Re: jhc vs ghc and the surprising result involving ghc generatedassembly.

27 Oct 2005

      On Thu, Oct 27, 2005 at 10:38:20AM +0100, Simon Marlow wrote:
...
gcc started generating this rubbish around version 3.4, if I recall
correctly.  I've tried disabling various optimisations, but can't seem
to convince gcc not to generate the extra jump.  You don't get this from
the native code generator, BTW.
Actually, our NCG beats gcc in most cases on x86_64, I believe.
This doesn't surprise me. gcc seems to completly drop the ball on ghc
generated C.
...
Sounds like a good idea.  In fact, we should do all this as a C-- -> C--
optimisation, as Simon PJ pointed out (and I mentioned on IRC
yesterday).
sounds good to me :) that should help all the back ends.
...
I don't actually understand why this helps, but it's easy enough to do.
I think it is just that many of the optimizations gcc do expect
idiomatic C and are just disabled when presented with 'odd' C. I
believe the use of global registers is also inhibiting  some
optimizations. even with -O3 it doesn't recognize that indirect jump is
uneeded, if they think indirect jumps are rare enough to not optimize
that I wonder what else they don't bother to optimize in their
presence.
...
...
* getting stack dereferences out of your loops.
A bit more tricky, but could still be done as C-- to C--.
Note that GHC's back end is really aimed at producing good code when
there are registers available for passing arguments - this isn't true on
x86 or x86_64 at the moment, though.
Hrm? why are registers not available on x86_64? I thought it had a
plethora. (compared to the i386)
...
...
These should be straightforward to implement in the C code generator.
it also
suggests we might want to try to use the native C calling convention
on leaf
nodes that deal with unboxed values (so we get register passing and
return
values for free) or taking groups of mutually recursive functions and
turning
them all into one function with explicit jumps between them.
Using the real C calling convention brings some problems - we'd have to
use setjmp/longjmp to pass control back to the scheduler or garbage
collector.
I was thinking something like the worker/wrapper split, ghc would
recognize when a function takes only unboxed arguments and returns an
unboxed result (these can probably be relaxed, no evals is the key
thing)

so in the case of fac, it would create

int fac(int n, int r) {
        if (n == 1) return 1;
        return fac (n - 1,n*r);
}

and (something like)

void fac_wrapper(void) {
continuation = pop()   // I might be mixing up the order of these
n = pop()
r = pop()

x = fac(n,r)

push(x)
jump(continuation) 

}

fac_wrapper will used when it is passed as a higher order function, but
direct calls to fac (such as in a case scrutinee) will call fac
directly.

I am not sure how much sense this makes though.
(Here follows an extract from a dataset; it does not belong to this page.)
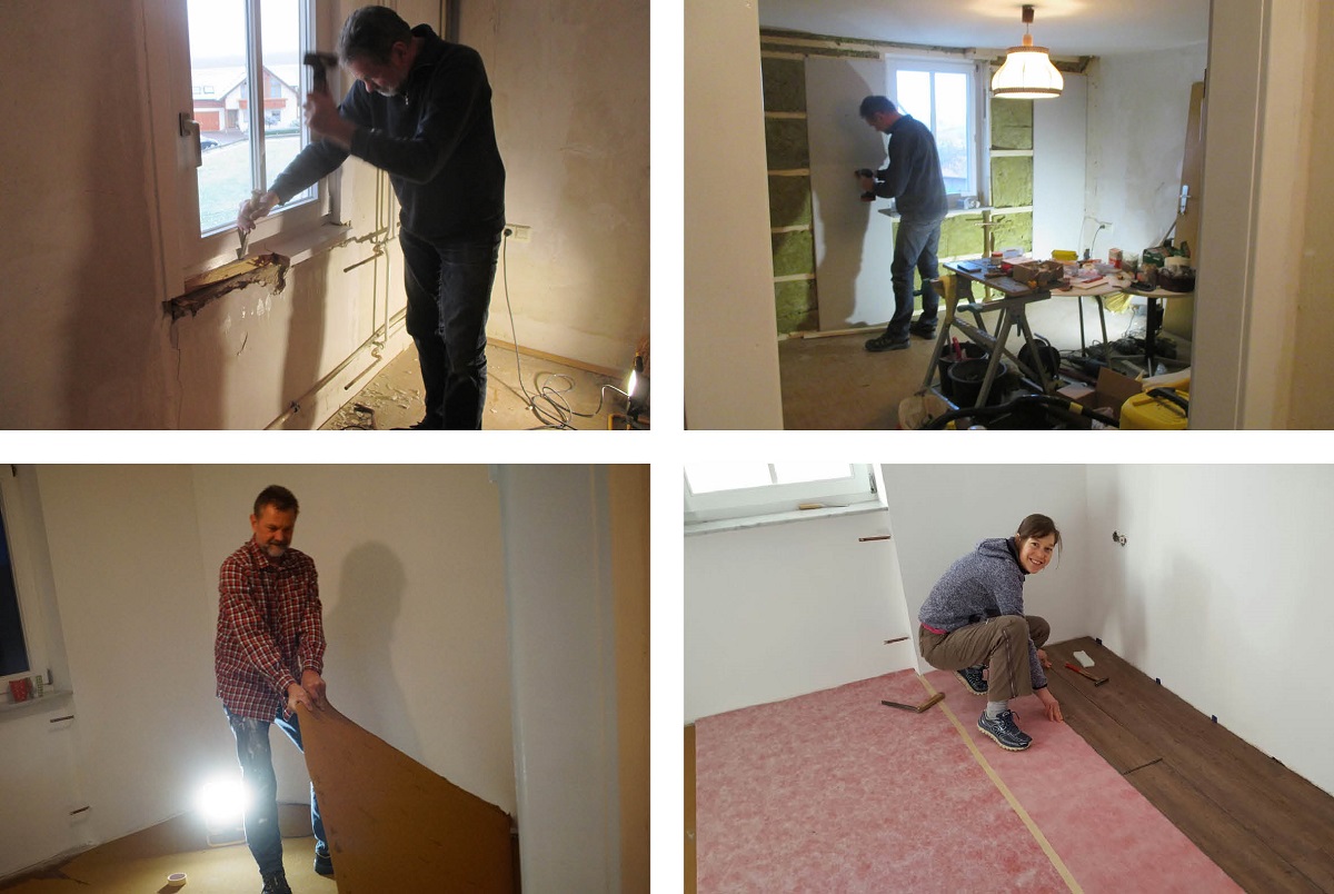The usual renovation process: built-in of the bathroom first, covering the walls, filling works, painting with brush-on plaster, renewal of the floor...

I am no expert on the
spineless tagless G machine  (which would make an excellent name for a
band BTW)

Perusing the assembly I think I see another place for improvement when
it comes to updates.

the issue involves the way the stack is unwound, a bunch of recursive
calls build up, the functions return unwinding the stack hitting
updates. 

now, what happens in a memory write is that the cache line is fully
read in, the change made, and the line is marked as 'modified' so when
it is eventually evicted, it gets written to ram rather than being
discarded. however, in the case of updating thunks, this is bad for a
number of reasons, unwinding the stack is going to touch a lot of
thunks, each one evicting a needed cache line from memory. This is
particularly bad because the thunk most likely will not need to be read
again any time soon. if a function needed the value again, it would have
kept a pointer to the WHNF around, moreso, chances are said thunk will
_never_ be read again since most thunks are not reentered. even if it is
entered, chances are even higher that it will never be written to again
(except for indirection short circuiting), so having a modified cache
line taking up space is really bad. 

fortunatly, modern CPUs anticipate this conondrum and provide
'write-combining' forms of their memory access functions, these will
write a value directly to RAM without touching the cache at all. This
will always be a win when updating thunks due to the reasons mentioned
above and is potentially a big benefit. selective write-combining is in
the top 3 performance enhancing things according to the cpu
optimization manuals.

I think the easiest way to do this would be to have a MACRO defined to
an appropriate bit of assembly or a simple C assignment if the
write-combining mov's arn't available.

        John 

-- 
John Meacham - ⑆repetae.net⑆john⑈